Work item: Reproduce the listing below as it stands. Leave out each image.

Provided material:
____________________

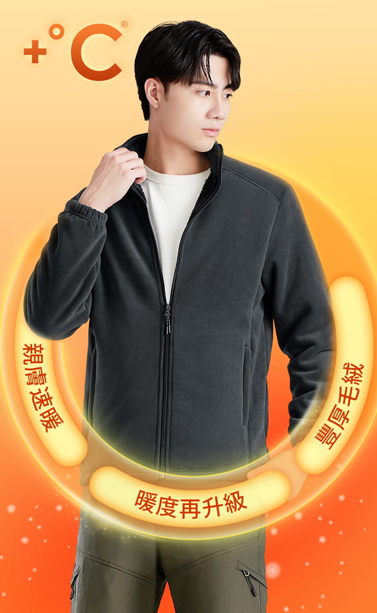 +℃ 暖暖毛絨抗寒保暖立領外套-男裝
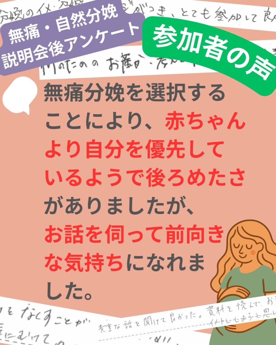 【無痛・自然分娩説明会後アンケート】参加された方々のご感想
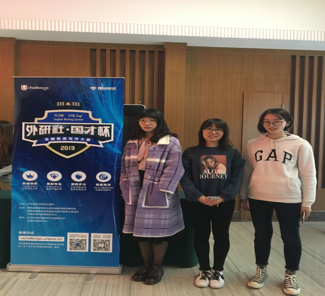 10月26日,2019“外研社国才杯”全国英语阅读大赛、写作大赛(江苏赛区)复赛分别在南京农业大学和南京林业大学落下帷幕。此次大赛,我校派出6名选手,由郑赛芬和宣泠老师带队,其中3名同学参加写作大赛与来自全省74所本科院校226名优秀选手同台竞技,3名同学参加阅读大赛与来自全省73所本科院校223名优秀选手进行切磋,最终5名同学凭借扎实的英语阅读基本功、丰富的知识量、突出的综合素质,斩获佳绩:江南在线学院英语16级本科生左铭瑶以江苏省第一名的成绩获得写作大赛一等奖,她将代表江苏省参加12月举行的全国赛;江南在线学院英语17级本科生童星如获写作大赛二等奖;化工学院19硕郑博文、江南在线学院18硕郝香玉斩获阅读大赛一等奖、江南在线学院英语17级本科生廖毓荷获阅读大赛二等奖。此次比赛我校学子能够在众多院校优秀学子的竞争中取得重大突破,展现了江南学子扎实的英语功底与水平。

____________________

Reply to the task:
 +℃ 暖暖毛絨抗寒保暖立領外套-男裝
 【無痛・自然分娩説明会後アンケート】参加された方々のご感想
 10月26日,2019“外研社国才杯”全国英语阅读大赛、写作大赛(江苏赛区)复赛分别在南京农业大学和南京林业大学落下帷幕。此次大赛,我校派出6名选手,由郑赛芬和宣泠老师带队,其中3名同学参加写作大赛与来自全省74所本科院校226名优秀选手同台竞技,3名同学参加阅读大赛与来自全省73所本科院校223名优秀选手进行切磋,最终5名同学凭借扎实的英语阅读基本功、丰富的知识量、突出的综合素质,斩获佳绩:江南在线学院英语16级本科生左铭瑶以江苏省第一名的成绩获得写作大赛一等奖,她将代表江苏省参加12月举行的全国赛;江南在线学院英语17级本科生童星如获写作大赛二等奖;化工学院19硕郑博文、江南在线学院18硕郝香玉斩获阅读大赛一等奖、江南在线学院英语17级本科生廖毓荷获阅读大赛二等奖。此次比赛我校学子能够在众多院校优秀学子的竞争中取得重大突破,展现了江南学子扎实的英语功底与水平。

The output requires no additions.